*** Records for this exercise ***

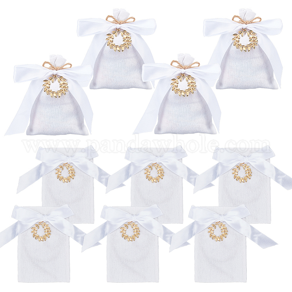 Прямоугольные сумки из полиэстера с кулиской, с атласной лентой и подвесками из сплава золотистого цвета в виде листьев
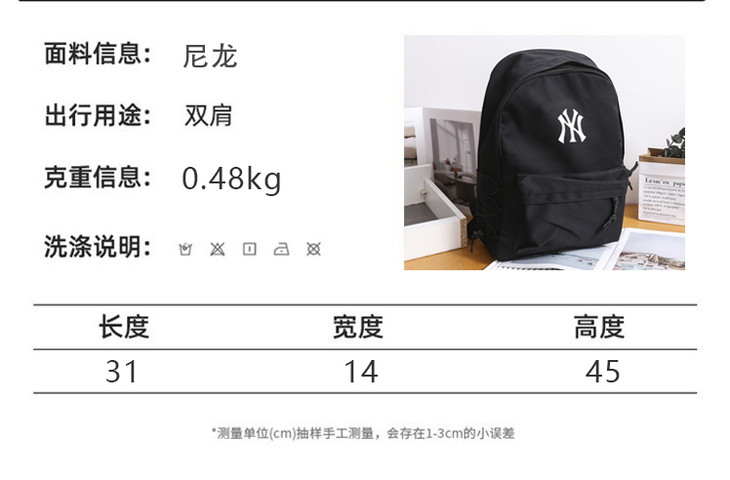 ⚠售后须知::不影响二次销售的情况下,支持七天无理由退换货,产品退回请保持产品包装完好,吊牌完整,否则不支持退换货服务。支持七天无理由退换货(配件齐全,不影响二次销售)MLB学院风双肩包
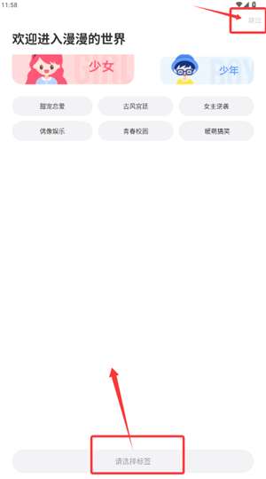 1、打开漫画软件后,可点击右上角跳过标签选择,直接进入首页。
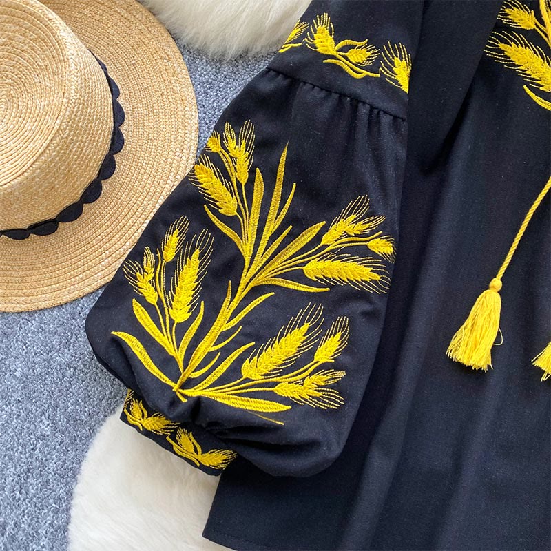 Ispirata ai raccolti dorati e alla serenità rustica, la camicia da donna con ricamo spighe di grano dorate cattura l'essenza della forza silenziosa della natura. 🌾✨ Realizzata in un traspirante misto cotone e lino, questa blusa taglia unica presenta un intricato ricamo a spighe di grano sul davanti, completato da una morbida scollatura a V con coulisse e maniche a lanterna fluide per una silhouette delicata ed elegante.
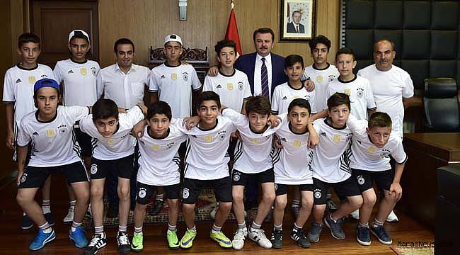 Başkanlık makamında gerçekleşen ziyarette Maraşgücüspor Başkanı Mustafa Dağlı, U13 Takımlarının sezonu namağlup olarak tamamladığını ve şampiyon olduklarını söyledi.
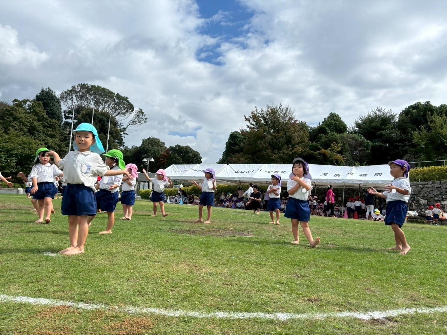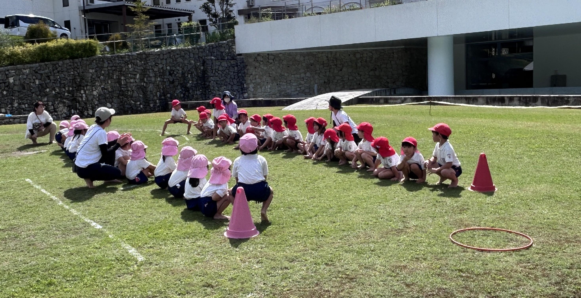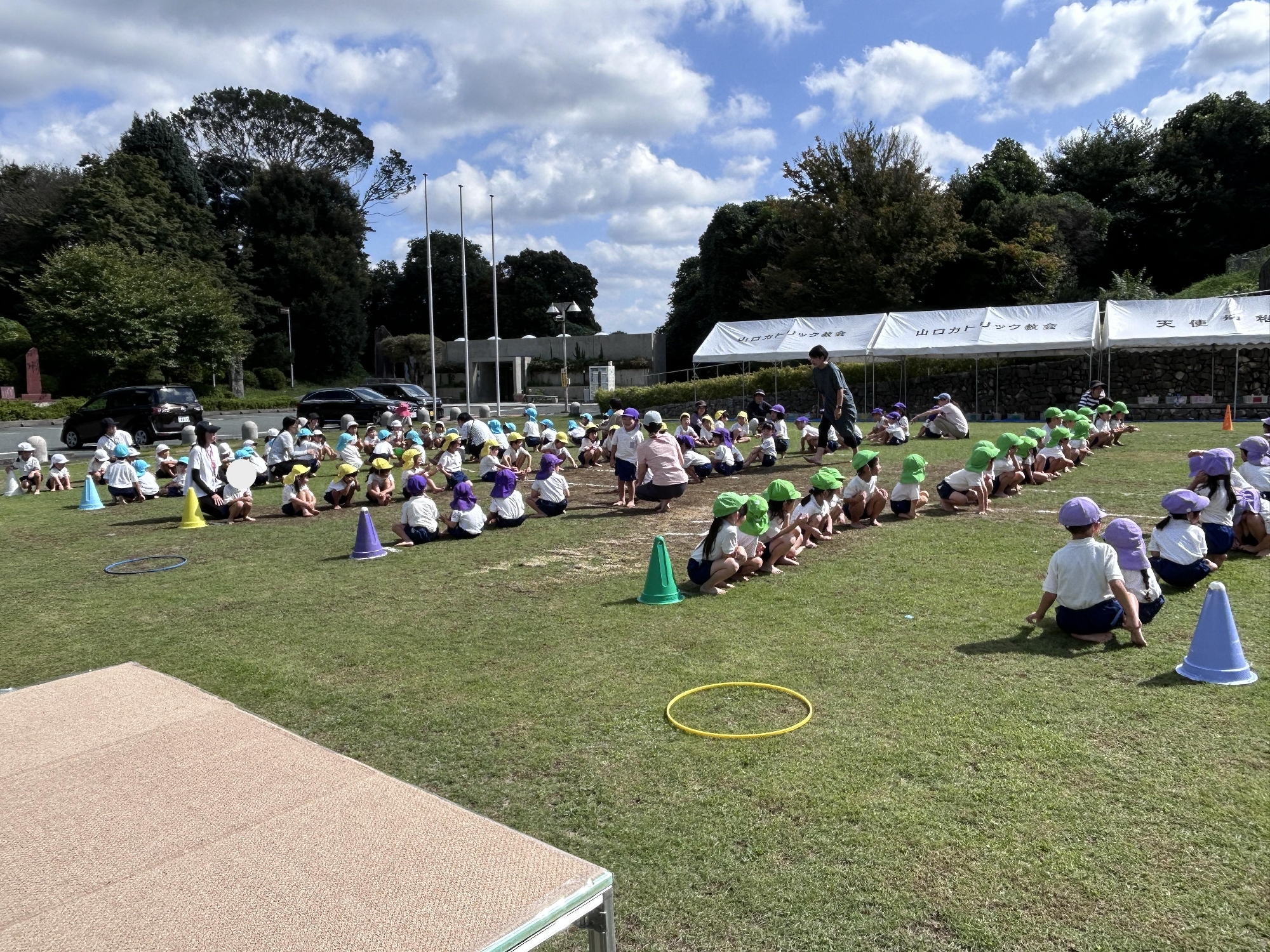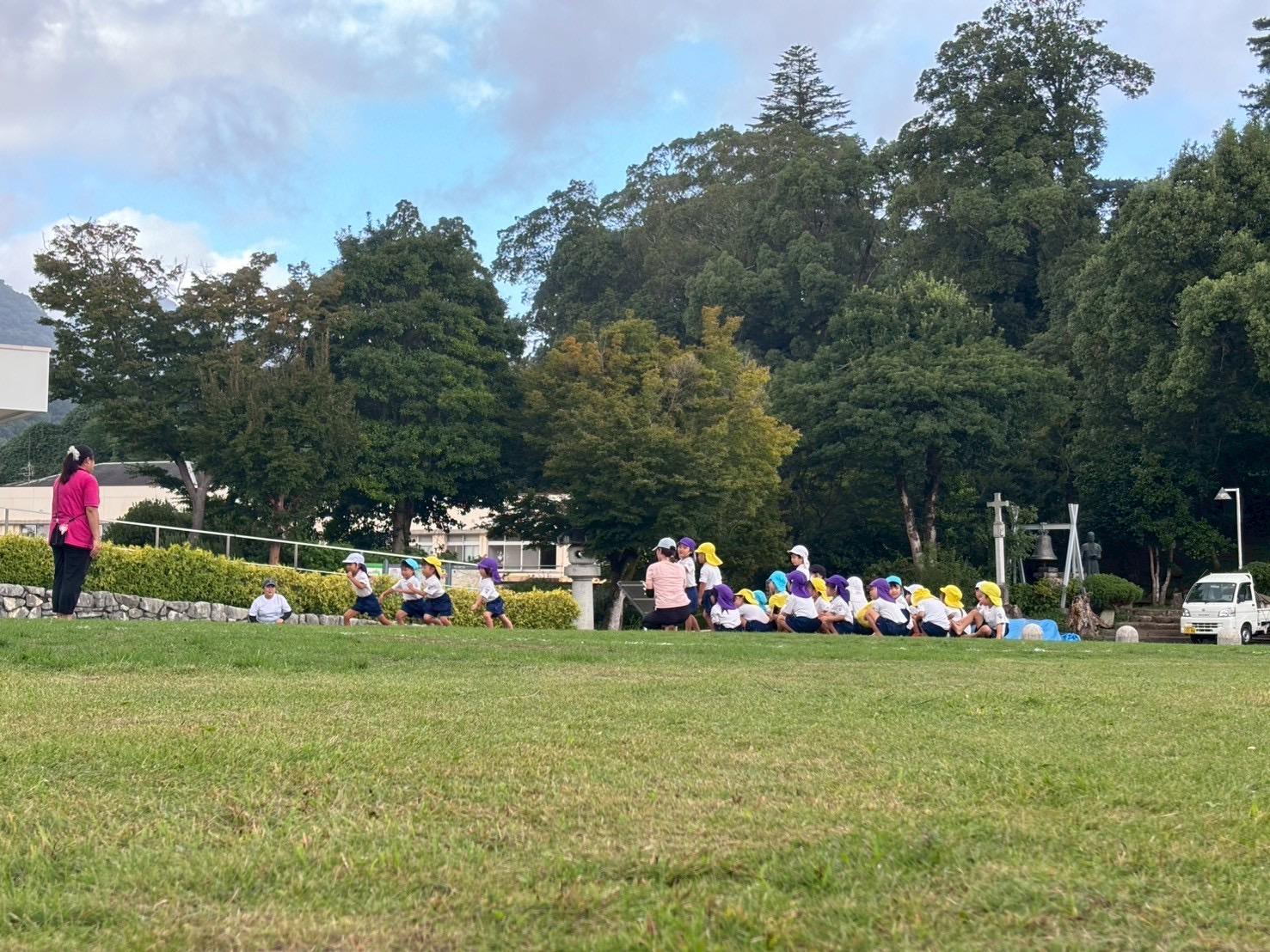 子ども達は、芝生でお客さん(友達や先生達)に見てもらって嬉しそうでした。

*** End of Records for this exercise ***

Exercise: Pictures must be left out. Repeat exactly the lines from the one containing "Ispirata ai raccolti" through the final line of the data.

Response below:
 Ispirata ai raccolti dorati e alla serenità rustica, la camicia da donna con ricamo spighe di grano dorate cattura l'essenza della forza silenziosa della natura. 🌾✨ Realizzata in un traspirante misto cotone e lino, questa blusa taglia unica presenta un intricato ricamo a spighe di grano sul davanti, completato da una morbida scollatura a V con coulisse e maniche a lanterna fluide per una silhouette delicata ed elegante.
 Başkanlık makamında gerçekleşen ziyarette Maraşgücüspor Başkanı Mustafa Dağlı, U13 Takımlarının sezonu namağlup olarak tamamladığını ve şampiyon olduklarını söyledi.
 子ども達は、芝生でお客さん(友達や先生達)に見てもらって嬉しそうでした。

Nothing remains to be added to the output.